The identification of intermolecular interactions mediated by solvent-exposed aggregation-prone regions (APRs) embedded in the protein sequence has proven successful in predicting protein aggregation [6,7,8,9,10]. This approach is particularly suitable in the context of intrinsically disordered proteins (IDPs) or for newly synthesized polypeptide chains, but it often overpredicts when applied to folded proteins. Indeed, in folded proteins the identified APRs are often located within their hydrophobic cores or at inaccessible regions characterized by the presence of highly stable secondary structures [11, 12]. It is now widely accepted that globular proteins aggregate by the spatial clustering of often non-contiguous sequence regions of hydrophobic amino acids, forming structural APRs in the protein surface (STAPs) [13]. The aggregation may happen by local or global structural destabilization [14] or by stochastic fluctuations that lead to the exposure of previously buried APRs [15]. Consequently, considering a protein’s spatial environment becomes crucial in understanding the underlying forces driving its aggregation. In this context, we developed the Aggrescan 3D (A3D) algorithm [16,17,18], which makes use of the experimentally determined Aggrescan’s aggregation propensity scale [7, 19] and projects it into a three-dimensional protein structure. The versatility and accuracy of this algorithm have converted it into one of the default methods to study the aggregation of proteins in their natively folded states and how dynamic fluctuations and mutations impact this reaction.
Over the years, accurate predictions of structure-based aggregation propensities in yeast at the proteome level were hampered by the limited availability of structural information. However, the newly developed AlphaFold2 (AF2) database has released the prediction of thousands of structures from different organisms, including S. cerevisiae [20]. The overall quality of these computed models was shown to be comparable to experimentally determined structures [21]. Therefore, the newly reported structural information from AF2 allows the generation of proteome-wide repositories reporting yeast globular proteins’ aggregation properties.

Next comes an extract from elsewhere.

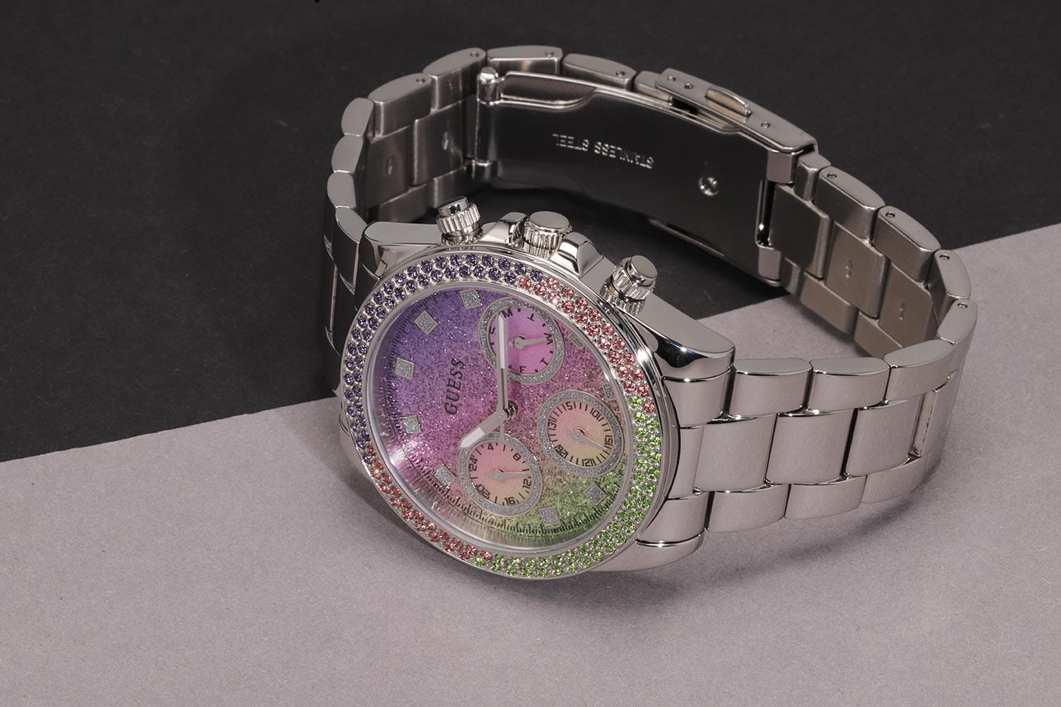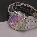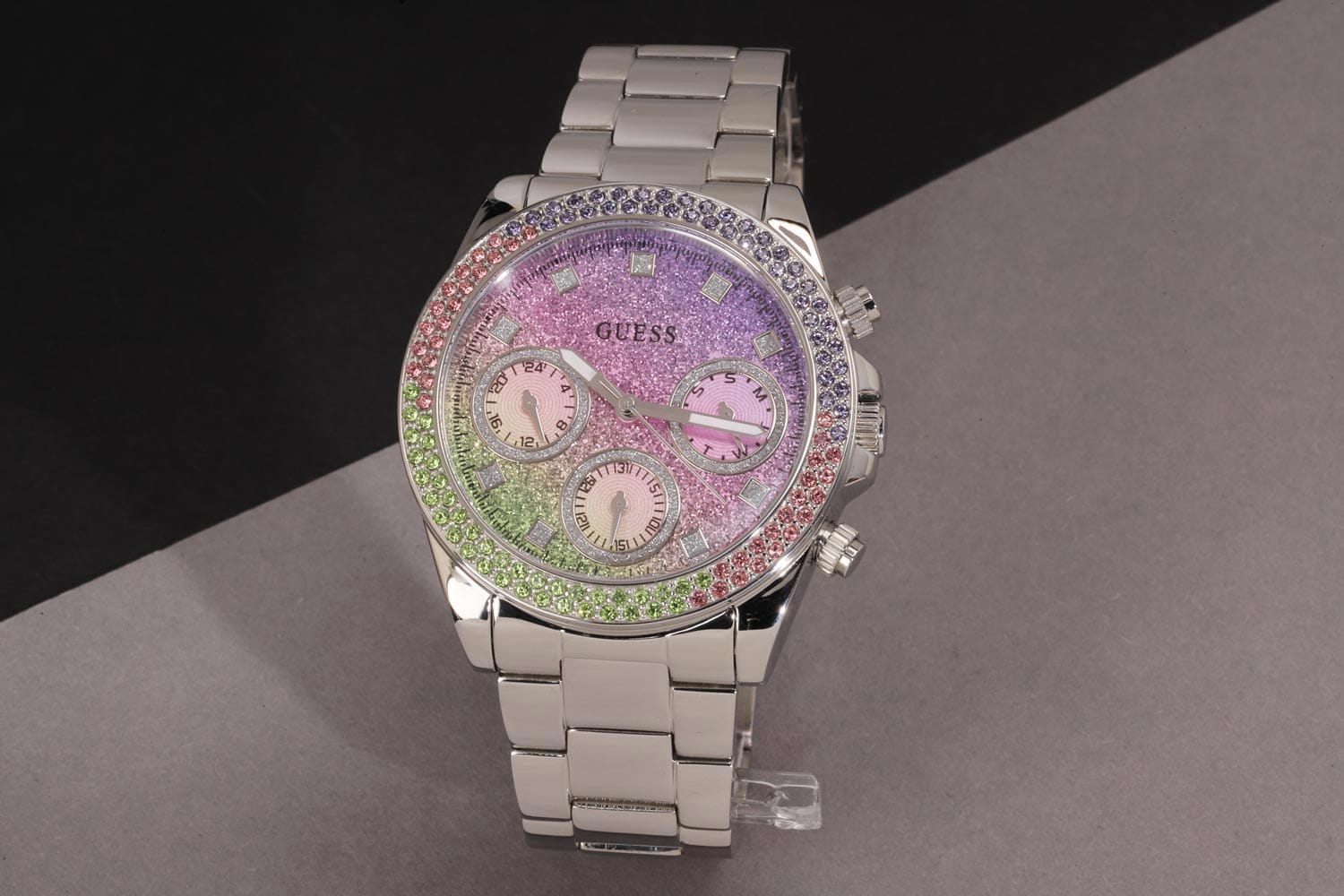 Безукоризненный функциональный аксессуар, сотканный из стали и разноцветных кристаллов, покорит ваше сердце с первого взгляда. Блистательные женские часы Sol. Круглый стальной корпус украшенный кристаллами. Глиттерный циферблат с метками в виде точек из кристаллов, защинен минеральным стекломМинеральное стеклоМинеральное стекло представляет собой искусственно выращенный минерал кварца. Такое стекло отличается особой устойчивостью к повреждениям и царапинам. Уступает по некоторым качествам сапфировому стеклу.. 12-ти и 24-х часовой формат времени. Дата и день недели вынесены на отдельные циферблаты. Рифленая заводная головка с защитой. Стальной браслет с раскладной застёжкойРаскладная застёжкаТакой тип застёжки используется только на браслетах из металла. Она никогда не раскрывается полностью, происходит разделение на 2 и более частей. Раскладывающая застёжка снизит вероятность потери часов к минимуму.
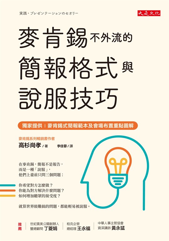 產品目錄 推薦序一 簡報,就是把禮物送給觀眾/黃永猛推薦序二 簡報力,就是競爭力!/王永福前言 在麥肯錫,簡報代表「說服」,不是報告第1部 簡報前,麥肯錫菁英必問三件事第1章 你希望對方怎麼做?第2章 你能為對方解決什麼問題?第3章 如何增加說服力?第2部 麥肯錫的最強項:正確定義問題第4章 所有問題,都可歸納為三種類型第5章 恢復原狀型的問題,要五要件第6章 防杜潛在型的問題,要想兩對策第7章 追求理想型的問題,要突顯落差第8章 結合不同問題描述的組合技術第3部 能成功傳遞訊息的版面設計第9章 金字塔版面結構,內容不超過七頁第10章 文字頁的基本結構──正誤釋例第11章 圖表頁的運用要領第12章 圖表與文字,你得這樣組合特別提供 公司內部的迷你簡報,該怎麼設計格式?──A4報告第4部 麥肯錫菁英怎樣準備、怎樣上臺簡報第13章 單刀直入由上而下,否則必遭曲解專欄 由上而下法的簡報要這樣做第14章 聽眾的疑問,就是最好的說服捷徑第15章 肢體語言,也是簡報的重點第16章 策略性的簡報穿著與臉部表情第17章 簡報會場的注意事項圖解第5部 簡報的大忌:我怯場了!第18章 成功的簡報,來自容許失敗

Herein, we present the A3D yeast database (A3DyDB), which compiles the structure-based aggregation propensity predictions for 6039 S. saccharomyces protein models from the AF database [20]. Since many yeast proteins are not fully structured, the A3DyDB allows for the customization of jobs to adapt structural predictions according to AF2 confident cutoffs. The database also includes a tool for evaluating the influence of user-defined mutations on protein solubility and stability. We believe that the A3DyDB will serve as a useful resource for the study of protein aggregation in yeast. It will also allow the investigation of correlations between structural aggregation propensity and protein function, stability, architecture, location, and protein abundance, among other factors associated with protein aggregation. Ultimately, we illustrate the performance and utility of the database with selected case reports.
Results
A3DyDB summary and interface description
The A3DyDB incorporates A3D predictions for 6039 proteins from the S. cerevisiae proteome. To perform aggregation predictions, we used a large dataset of structural models generated with AF2, which were downloaded from the AF database [20]. These structures were analyzed using the latest A3D implementation developed by our group [17, 22]. The resultant A3D data have been stored in the first comprehensive database describing the structure-based aggregation predictions for yeast (http://biocomp.chem.uw.edu.pl/A3D2/yeast). The A3DyDB is endowed with a search tab on the front page, which allows users to query for the content by using the gene, protein name, or Uniprot Accession (See Fig. 1a). Selecting entries from the query list leads to a page containing the A3D analysis. The analysis is distributed in different tabs containing the following information: (I) protein information and project details, (II) an interactive A3D score profile and annotation of transmembrane regions (only applicable to membrane proteins), (III) a detailed table containing the precalculated A3D scores and AF structure prediction confidence scores (pLDDTs), (IV) the protein structure colored by A3D and pLDDTs scores, (V) custom jobs with pre-calculated pLDDT cutoffs and (VI) collection of images. The A3DyDB Project details tab contains relevant information regarding the selected entry (Fig. 1b). A3D plot/score tabs display a detailed analysis of the per-residue aggregation propensity scores (A3D scores) and the profile and additional annotations for transmembrane and intermembrane proteins can be found in the subsequent sections. For each entry, two different structural models are provided in the Structure tab (top panel in Fig. 2a). The top structure shows a per-residue prediction of the A3D aggregation propensity (A3D score), while at the lower structural representation AF2 confidence score (pLDDT) is depicted (lower panel in Fig. 2a).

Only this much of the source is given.